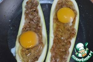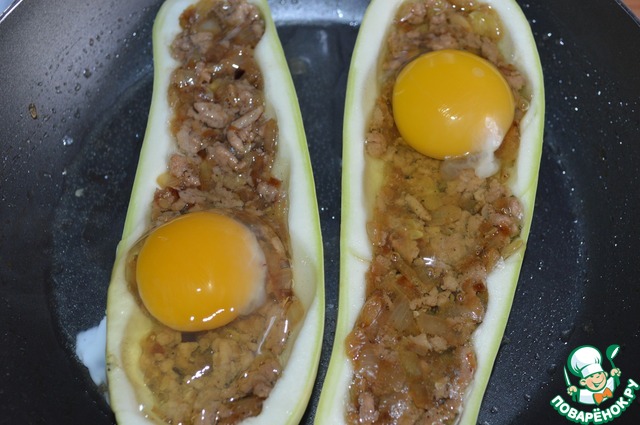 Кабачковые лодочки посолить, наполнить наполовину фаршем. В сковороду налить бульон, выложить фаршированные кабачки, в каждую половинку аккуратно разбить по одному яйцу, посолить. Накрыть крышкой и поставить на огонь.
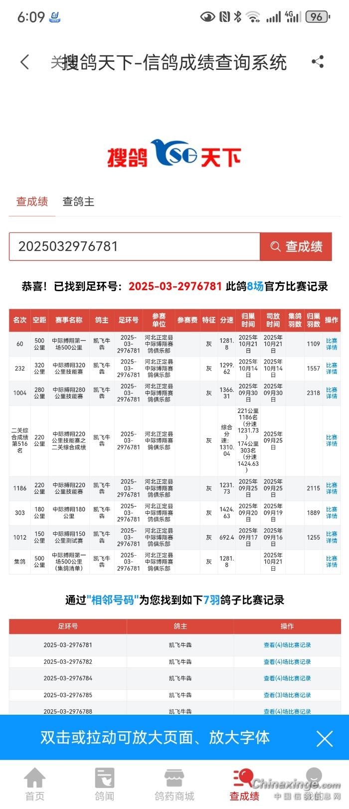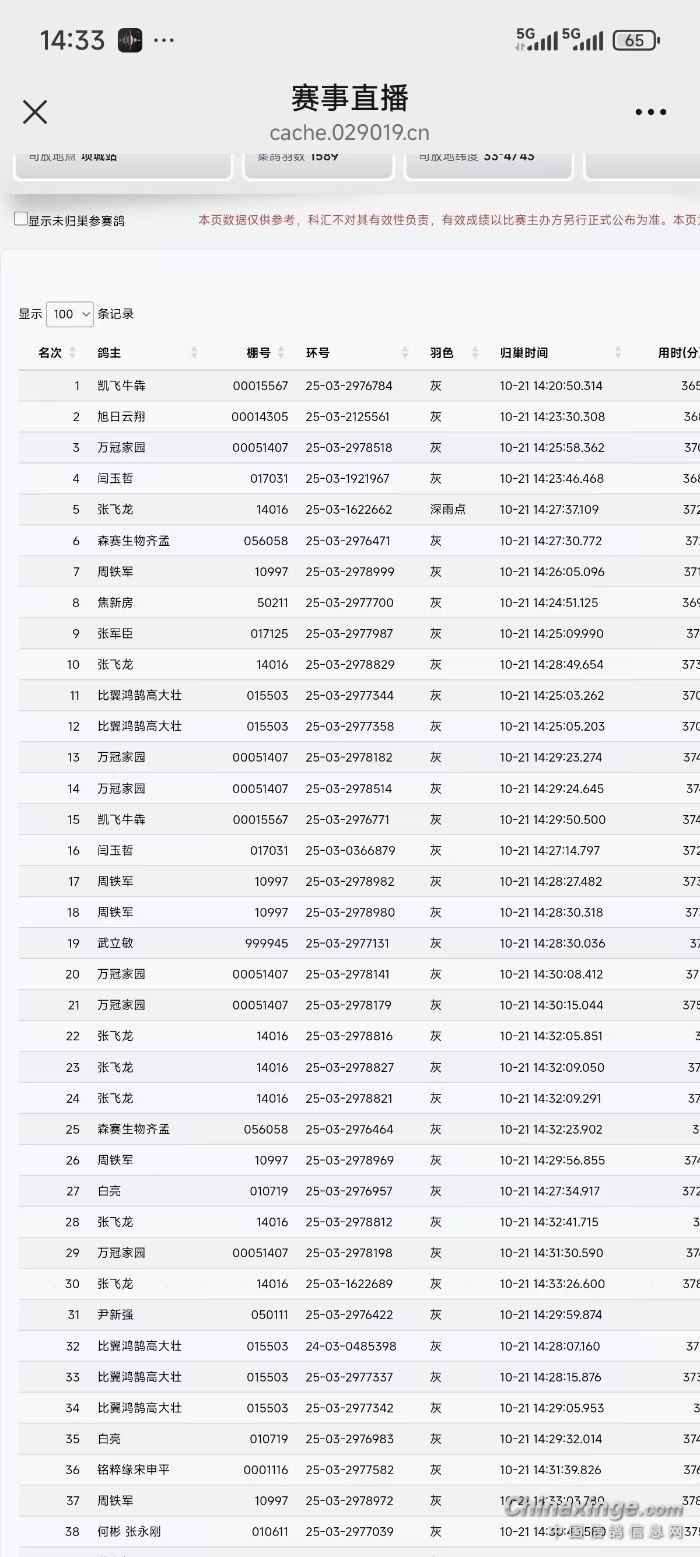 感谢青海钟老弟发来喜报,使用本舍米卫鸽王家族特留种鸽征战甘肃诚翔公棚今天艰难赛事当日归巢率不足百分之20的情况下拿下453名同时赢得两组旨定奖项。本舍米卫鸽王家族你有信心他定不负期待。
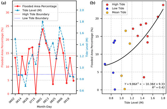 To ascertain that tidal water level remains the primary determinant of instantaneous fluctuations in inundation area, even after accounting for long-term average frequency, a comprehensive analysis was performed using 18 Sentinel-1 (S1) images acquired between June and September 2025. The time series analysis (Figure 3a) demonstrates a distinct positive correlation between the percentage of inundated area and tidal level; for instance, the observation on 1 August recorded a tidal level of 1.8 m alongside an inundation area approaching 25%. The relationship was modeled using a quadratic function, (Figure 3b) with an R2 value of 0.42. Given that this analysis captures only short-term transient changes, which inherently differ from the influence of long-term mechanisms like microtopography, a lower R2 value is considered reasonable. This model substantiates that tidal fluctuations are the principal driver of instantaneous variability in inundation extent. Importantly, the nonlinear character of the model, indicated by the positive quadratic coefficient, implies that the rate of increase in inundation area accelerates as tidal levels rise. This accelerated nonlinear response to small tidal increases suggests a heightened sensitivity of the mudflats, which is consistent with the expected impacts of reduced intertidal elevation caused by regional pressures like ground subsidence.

--

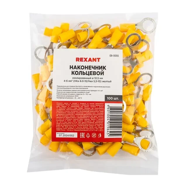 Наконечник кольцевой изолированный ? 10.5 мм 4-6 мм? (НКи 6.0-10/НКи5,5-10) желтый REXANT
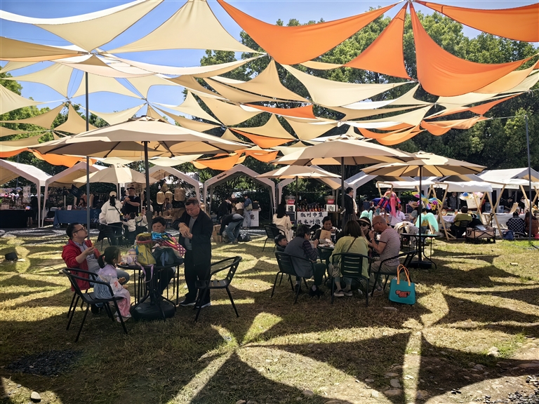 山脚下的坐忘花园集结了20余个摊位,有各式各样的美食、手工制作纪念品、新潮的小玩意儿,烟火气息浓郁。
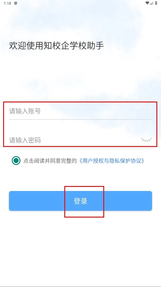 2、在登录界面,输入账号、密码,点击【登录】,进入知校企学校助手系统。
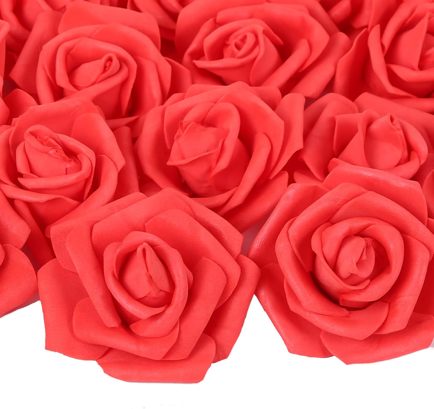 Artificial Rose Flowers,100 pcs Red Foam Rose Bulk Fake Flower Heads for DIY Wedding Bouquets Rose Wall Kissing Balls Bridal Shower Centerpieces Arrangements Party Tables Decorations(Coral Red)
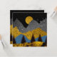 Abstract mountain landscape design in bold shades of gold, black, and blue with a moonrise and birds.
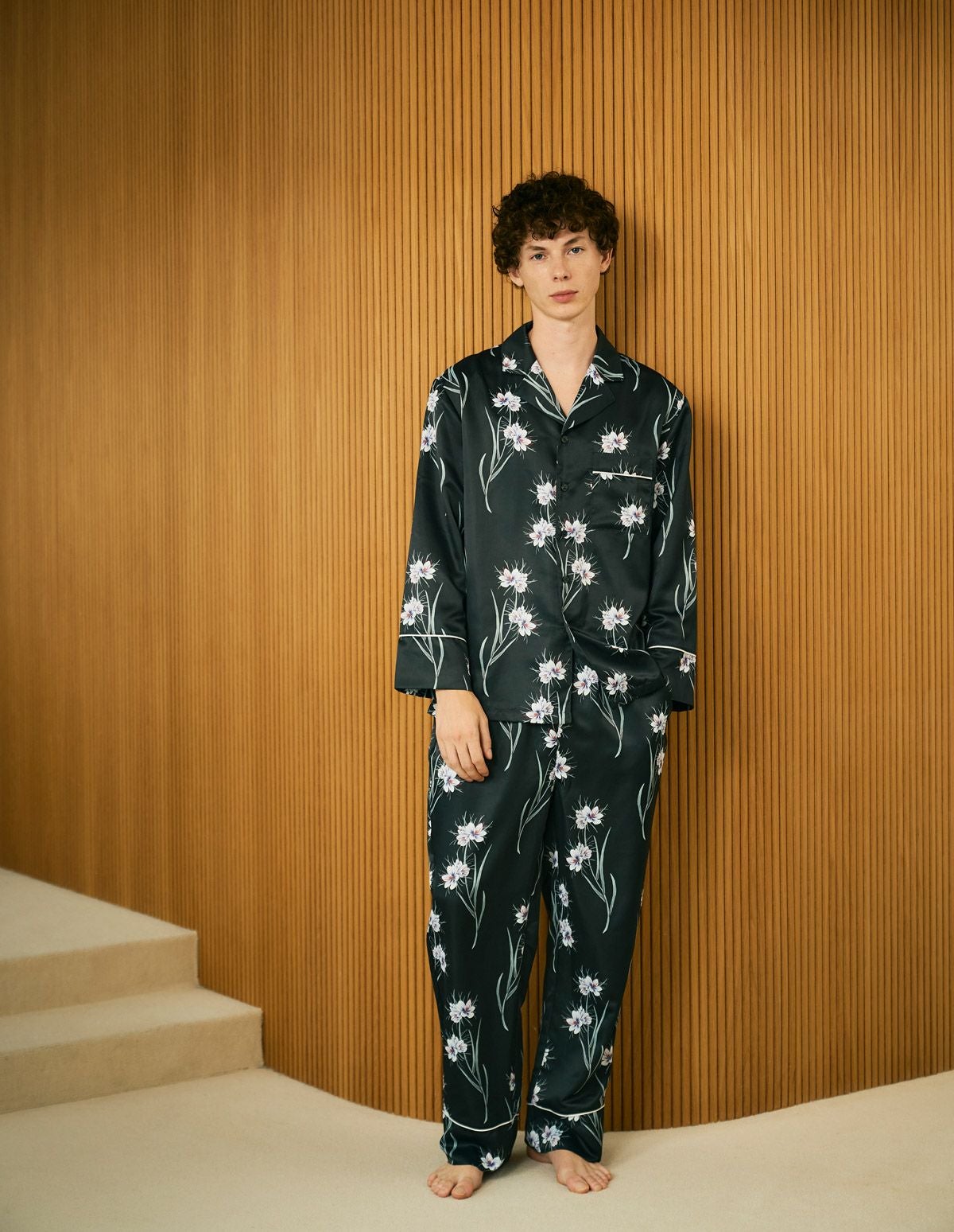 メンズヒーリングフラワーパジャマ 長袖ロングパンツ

• What you will do
Within the entries above, give again exactly the lines starting at the one that contains "2、在登录界面,输入账号、密码,点击【登录】,进入知校企学校助手系统。" and ending at the one that contains "メンズヒーリングフラワーパジャマ 長袖ロングパンツ", leaving out the pictures.

• Task answer
 2、在登录界面,输入账号、密码,点击【登录】,进入知校企学校助手系统。
 Artificial Rose Flowers,100 pcs Red Foam Rose Bulk Fake Flower Heads for DIY Wedding Bouquets Rose Wall Kissing Balls Bridal Shower Centerpieces Arrangements Party Tables Decorations(Coral Red)
 Abstract mountain landscape design in bold shades of gold, black, and blue with a moonrise and birds.
 メンズヒーリングフラワーパジャマ 長袖ロングパンツ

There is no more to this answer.